Now let’s look at what the book actually discusses

“Above all this is not a book for those looking for well-considered facts. This is not a book of dispassion. Some thirty years later Ayers is still trying to justify—as he did then—the core Weatherman belief that some forms of violence are tactically useful to achieve just ends.

…Ayers takes the reader through the townhouse destruction three times in the course of his memoir. His narrative opens with the explosion—or more accurately, his hearing about the explosion in a telephone call placed to a phone booth in a desert location. The second time he relates the explosion in the chronological context of his memoir. A third time he re-imagines the explosion and so reinterprets its significance. The whole point of his memoir, plausibly, is just to set the stage for that final re-imagination.”

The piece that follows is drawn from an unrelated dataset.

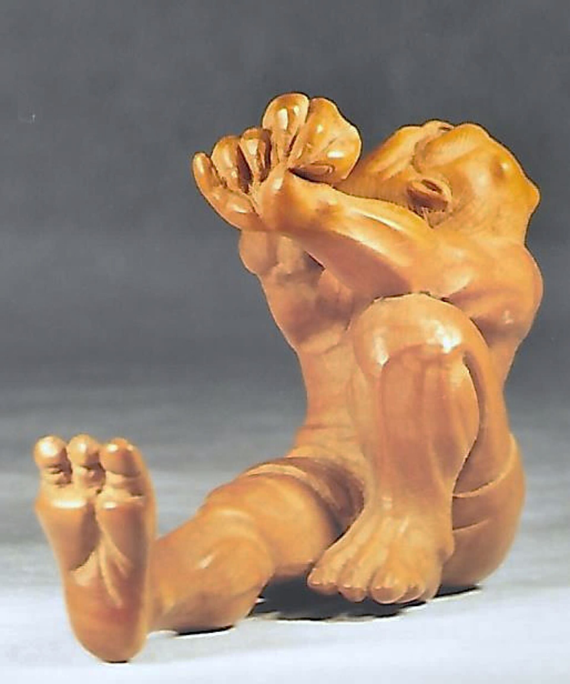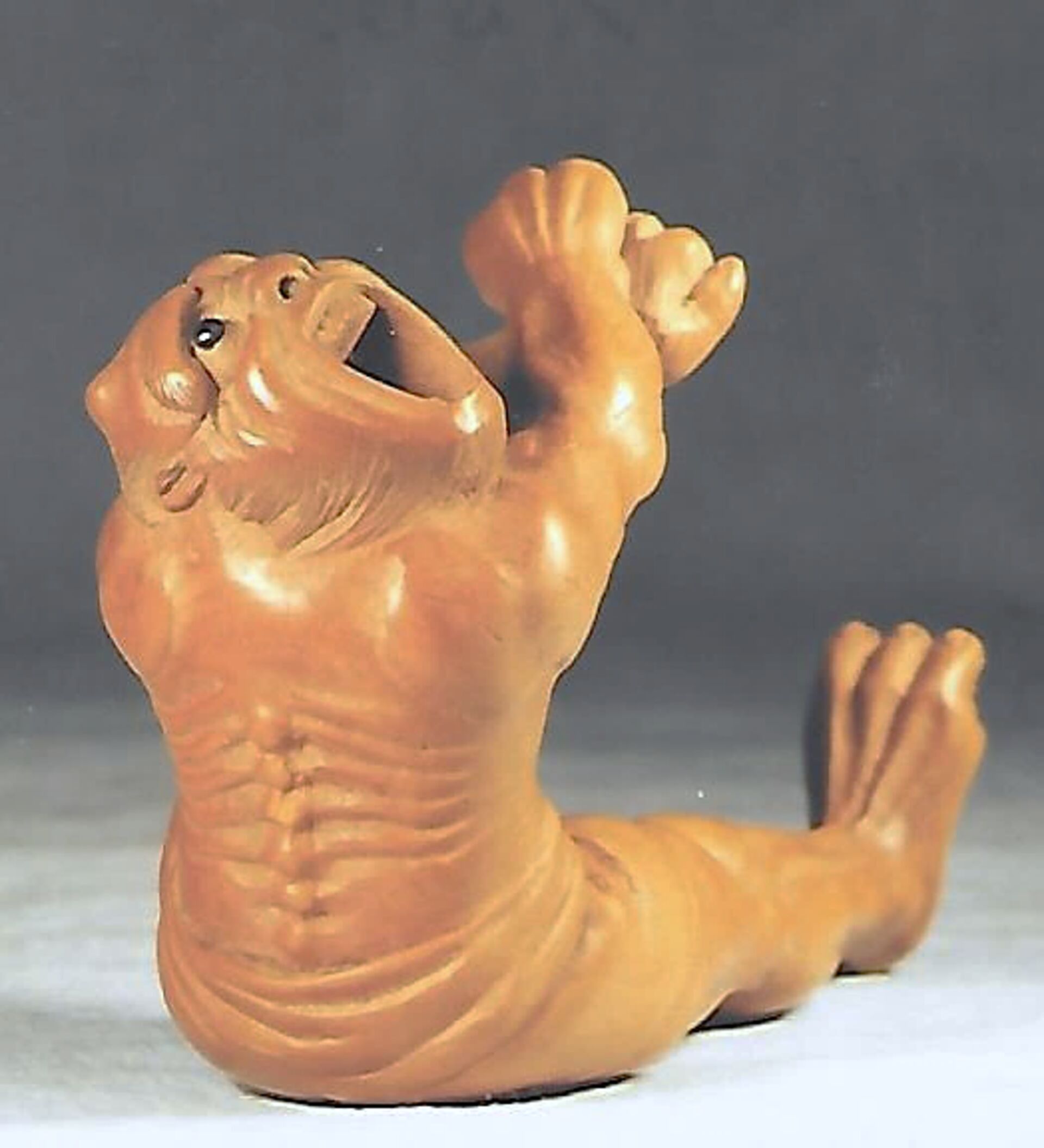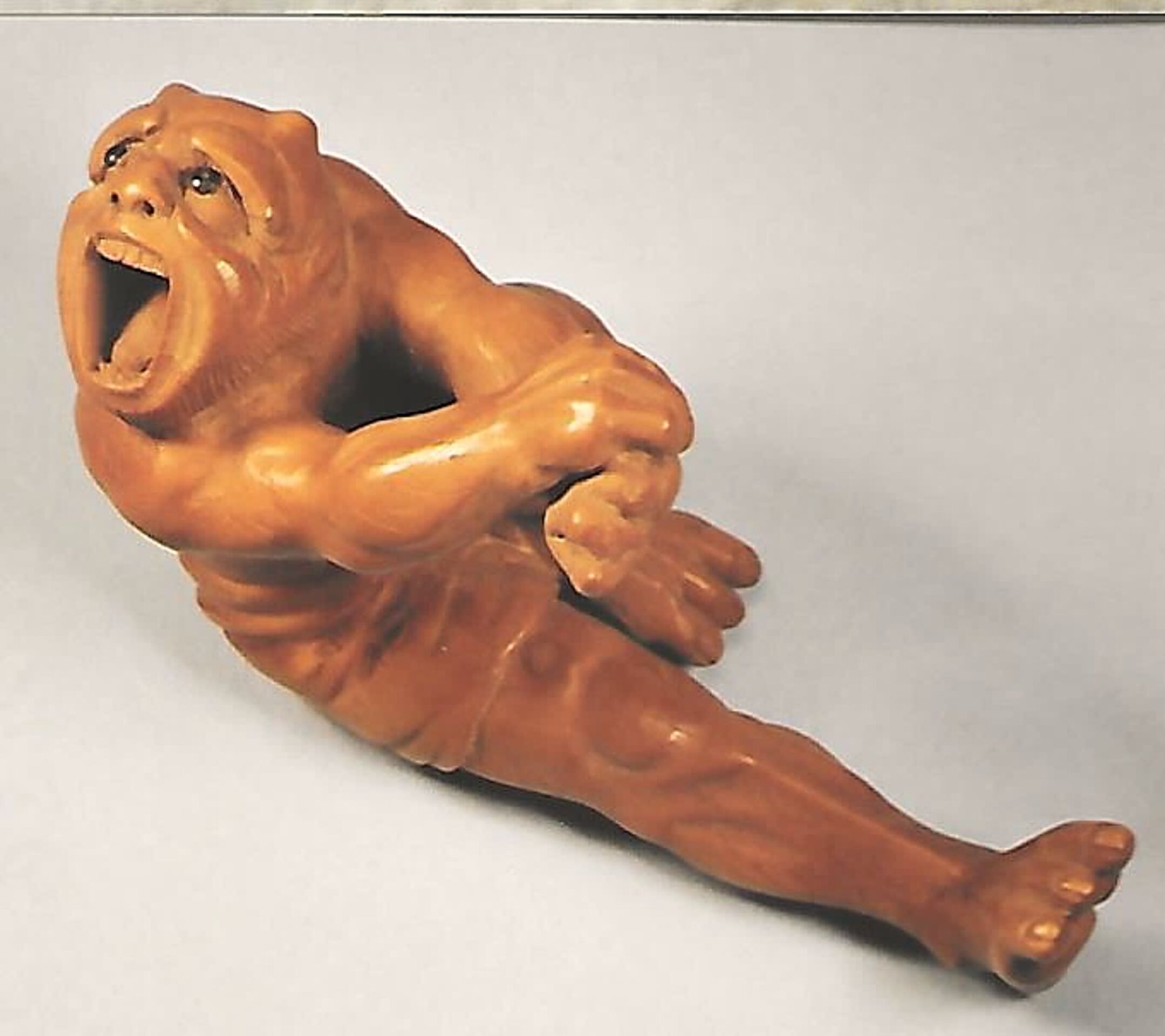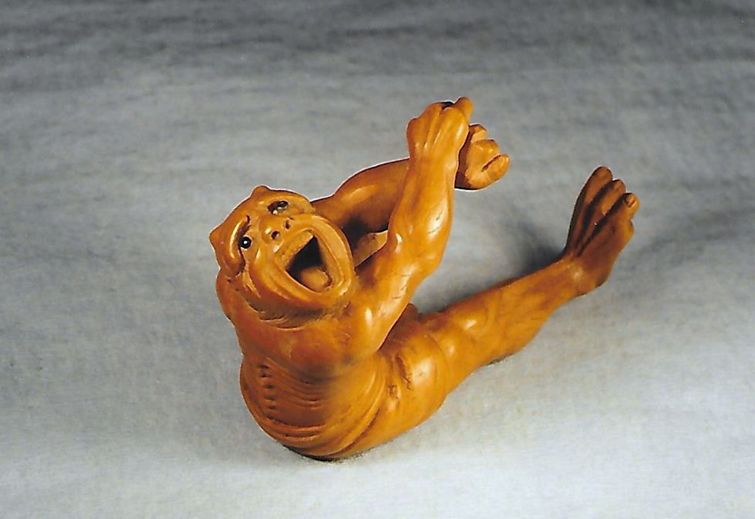 Holz-Okimono. Der Oni, ein Dämon, erkennbar an den Hörnern und den dreiklauigen Händen und Füssen, sitzt auf dem Boden. Er ist nackt bis auf eine kurze Hose. Das rechte Bein ist gestreckt, das linke angezogen. Der Körper ist stark behaart, das Gesicht von einem Bart umrandet. Die Arme sind gestreckt, die Hände überkreuzt. Der Kopf ist nach rechts oben gewendet, der Mund weit offen gähnend. Die Pupillen sind in dunklem Horn eingelegt. Die Muskulatur und die Rippen sind kräftig, fast übertrieben deutlich dargestellt. Länge 70mm. Keine Himotoshi. Alter: vermutlich um 1900. Die Darstellung ist eine Allegorie auf Daruma, der den Buddhismus nach China brachte und nach neun Jahren in Meditation oftmals gähnend und sich streckend dargestellt wird. Also der Teufel, der den Heiligen imitiert.

So this book is the revisioning of fact, when fact is addressed at all. There is no remorse or apology. There is just the attempt to justify, and promote the ideals of a terrorist. And profit from that re-making of history.

The first try did not sell as well as Ayers hoped I imagine, as the book came out in 2001. It’s hard to justify bombing America when thousands of Americans are dead from a terrorist act. But Ayers is counting on the fact that the MTV generation is too busy to remember just 7 years ago.

I remember. And I understand what Ayers was trying to do in the 1970’s. He wanted to destroy the nation. And he thought his actions were not enough.

''I don't regret setting bombs,'' Bill Ayers said. ''I feel we didn't do enough.''


So I ask you, would you buy a book by an admitted terrorist who has no remorse? Would you help promote the ideals of a terrorist, and provide them profit? Because if so, you would buy a book by Bill Ayers. And that is no different than shaking Osama Bin Laden’s hand and handing him a check over the ruins of the Twin Towers.

If you disagree I’d like to hear why.

But no matter what, I suggest that all my readers, all your friends and co-workers, all Americans boycott the books of Ayers. If you support that I’d really like to hear your comments as well.